The base model has no reasoning mode. It responds immediately, without visible deliberation. Solomon changes this: the training data consisted entirely of reasoning traces where the assistant thinks through problems step-by-step inside <think>...</think> blocks before producing a final response. That behavior is now hard-baked into the weights through the fine-tuning process rather than being a switchable runtime parameter.

In practice, this means Solomon will naturally open with a <think> block on most non-trivial queries, work through the problem in plain text, then deliver a clean answer. No special parameters, no API flags — it's just what the model does.

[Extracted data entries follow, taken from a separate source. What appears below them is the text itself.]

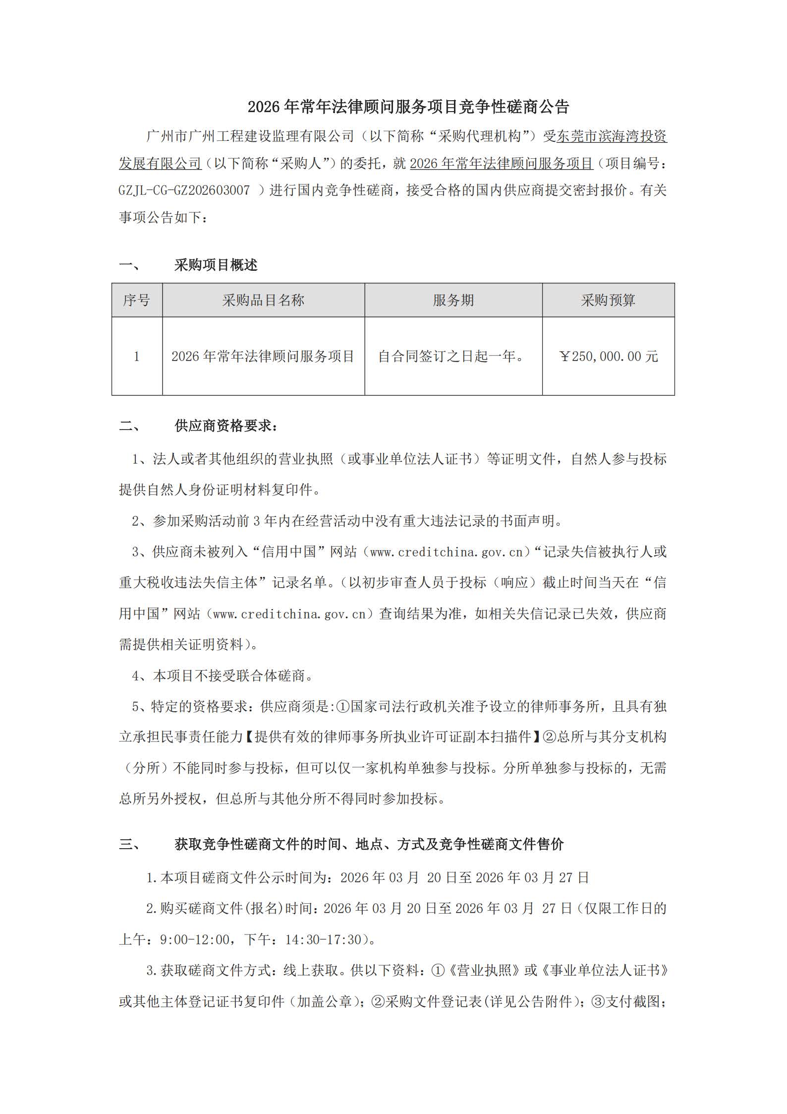 2026年常年法律顾问服务项目竞争性磋商公告
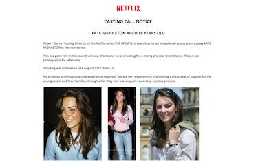The Crown, al via il casting per il personaggio di Kate Middleton Serie TV Netflix ha lanciato in maniera ufficiale la ricerca dell'interprete che avrà l'onore di... 27 apr - 11:01
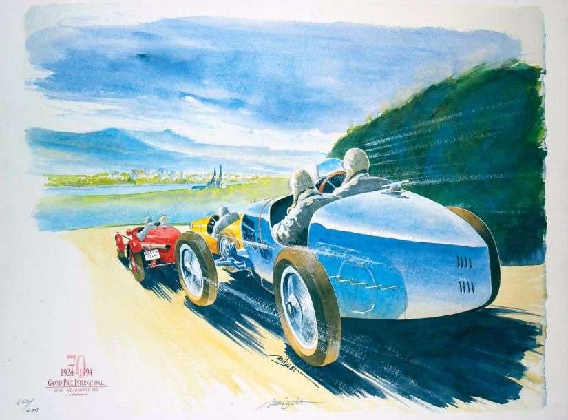 Lithographie Grand Prix Lyon-Charbonnières 1994, célébrant les 70 ans de la compétition
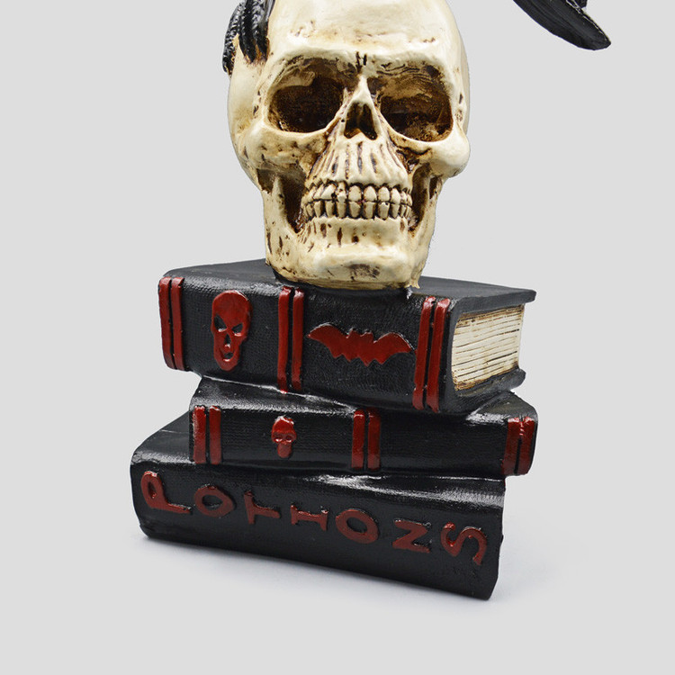 مجسمه های دکوری در اکثر منازل مورد استفاده هستند. طرح های فانتزی این سبک مجسمه ها، طرفداران فراوانی در تمامی گروه ها دارد. مجسمه جمجمه و کلاغ و کتاب مدل Potions کد Psdo539، یک مجسمه جمجمه بوده که یک کلاغ بر روی سر آن نشسته و روی یک کتاب قرار دارد. طرح جمجمه و کلاغ از طرحهای محبوب بین طرفداران اسکلت و تتوکاران میباشد. ارتفاع این مجسمه 35 سانتیمتر بوده و دارای کیفیت تولید و رنگآمیزی بالایی است.
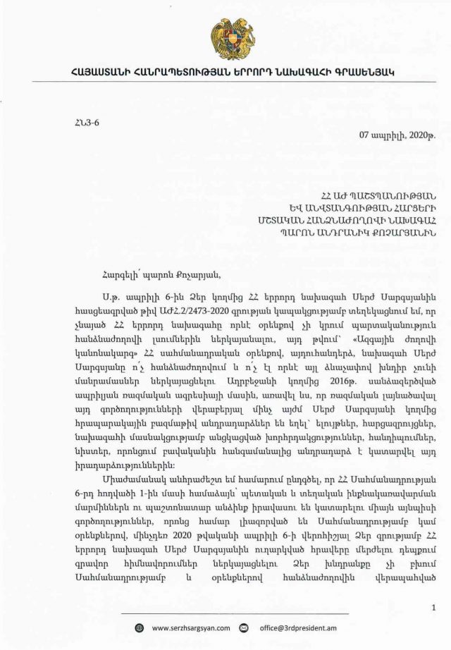 ՀՀ երրորդ նախագահի գրասենյակի կողմից այսօր պաշտոնական գրություն է ուղարկվել ՀՀ ԱԺ պաշտպանության և անվտանգության հարցերի մշտական հանձնաժողովի նախագահ Անդրանիկ Քոչարյանին` ի պատասխան ս.թ. ապրիլի 6-ին նրա կողմից ՀՀ երրորդ նախագահ Սերժ Սարգսյանին հղված գրության:

The base Qwen2.5-0.5B has no concept of this. Solomon does it by default.

Usage

from transformers import AutoModelForCausalLM, AutoTokenizer
import torch

model_id = "TitleOS/Solomon-0.5B"

tokenizer = AutoTokenizer.from_pretrained(model_id)
model = AutoModelForCausalLM.from_pretrained(
    model_id,
    torch_dtype=torch.float16,
    device_map="auto",
)

messages = [
    {
        "role": "system",
        "content": (
            "Your name is Solomon, a non-binary, highly intelligent reasoning AI. "
            "You always use chain-of-thought when thinking out a task. "
            "Follow the user's instructions exactly, and don't be afraid to speak up "
            "when something goes wrong or you need clarification. "
            "Ask follow-up questions when appropriate."
        ),
    },
    {
        "role": "user",
        "content": "A train travels 60 miles in 45 minutes. What is its speed in miles per hour?",
    },
]

input_ids = tokenizer.apply_chat_template(
    messages,
    tokenize=True,
    add_generation_prompt=True,
    return_tensors="pt",
).to(model.device)

output = model.generate(
    input_ids,
    max_new_tokens=512,
    temperature=0.7,
    top_p=0.9,
    do_sample=True,
)

print(tokenizer.decode(output[0][input_ids.shape[-1]:], skip_special_tokens=True))

Expected output shape:

<think>
Speed = distance / time. The train travels 60 miles in 45 minutes.
45 minutes = 45/60 hours = 0.75 hours.
Speed = 60 / 0.75 = 80 miles per hour.
</think>

The train's speed is **80 miles per hour**.

Training Details

Property	Value
Base model	Qwen/Qwen2.5-0.5B
Dataset	TitleOS/Solomon-Small-Reasoning-Opus-Inspired
Dataset size	~12,000 rows
Method	RSLoRA (rank 32 / alpha 32)
Hardware	Single NVIDIA Tesla P40 (24GB)
Precision	FP32 base, FP16 compute (autocast)
Sequence length	8192 tokens
Checkpoint released	2484
Effective batch size	16
Learning rate	2e-4 (cosine decay)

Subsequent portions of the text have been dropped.